If that still doesn't free it, run sudo lsof -i :3004 to identify the holder and stop it manually. Do not retry the agent until lsof -ti :3004 returns empty.

`log/bullet.log` is empty after the run

Bullet only writes to its log when it detects issues and is enabled for the environment. Confirm:

grep -n "Bullet" /code/life-management/config/environments/development.rb

You should see Bullet.enable = true and Bullet.bullet_logger = true. If those are absent or commented out, Bullet is off — re-enable, restart bin/dev, re-run the agent.

An empty bullet.log with Bullet enabled just means no N+1 / unused-eager-load issues were detected in the scenarios you ran — this is not an error.

A scenario step fails mid-run

The agent does NOT abort on a single step failure. It records the step with requests: [], bullet_warnings: [], and parse_note: "scenario failure: <error>", then moves on. findings.md surfaces all failures under a Scenario failures section.

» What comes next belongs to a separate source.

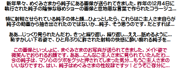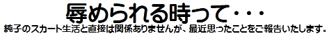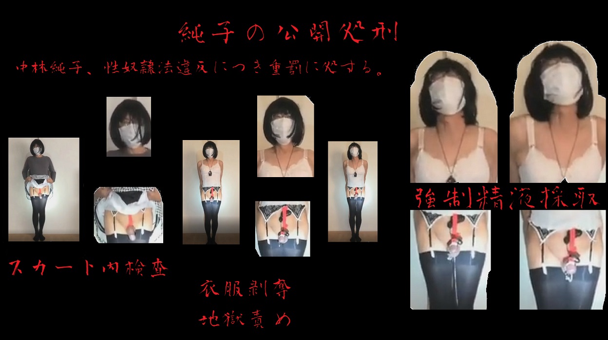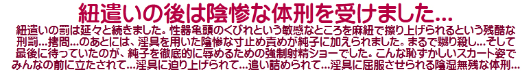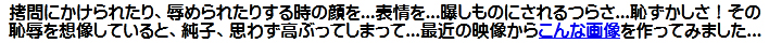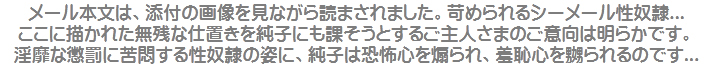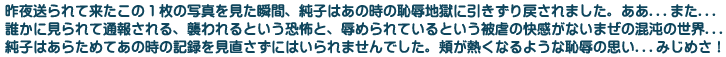 恥ずかしい純子の写真とともに、意地悪な言葉が並んでいます。「スカート内検査」!...「衣服剥奪」!...ああ...堪忍... |

If you see repeated failures, the most common causes are:

Route doesn't exist (typo) — fix the step in ## Scenarios.
Button text changed — fix the step.
Form field name changed — inspect the page with browser_snapshot manually and fix the fill hash.
Step depends on prior-step state that didn't happen (e.g., an Edit click after a failed create) — reorder or add the missing prerequisite.

The after run produces very different Playwright numbers from the before run

Playwright nav time has some run-to-run variance (usually <10%). The server-side numbers (total_ms, db_ms, query_count) are the trustworthy signal; they're derived from Rails's own log lines and are deterministic for a given code path + data shape. Focus the comparison on those. The >5% regression flag in comparison.md applies per-metric; a noisy Playwright value alone should not block acceptance if server metrics improved.

"I want to re-run just the after phase" after already running a plan

Don't. The timestamp ties before to after. If you want a fresh measurement, run the agent again (new TS) — it's fast. If you just want to sanity-check a single page, run it manually with curl -w or the browser dev tools; don't reuse a stale plan.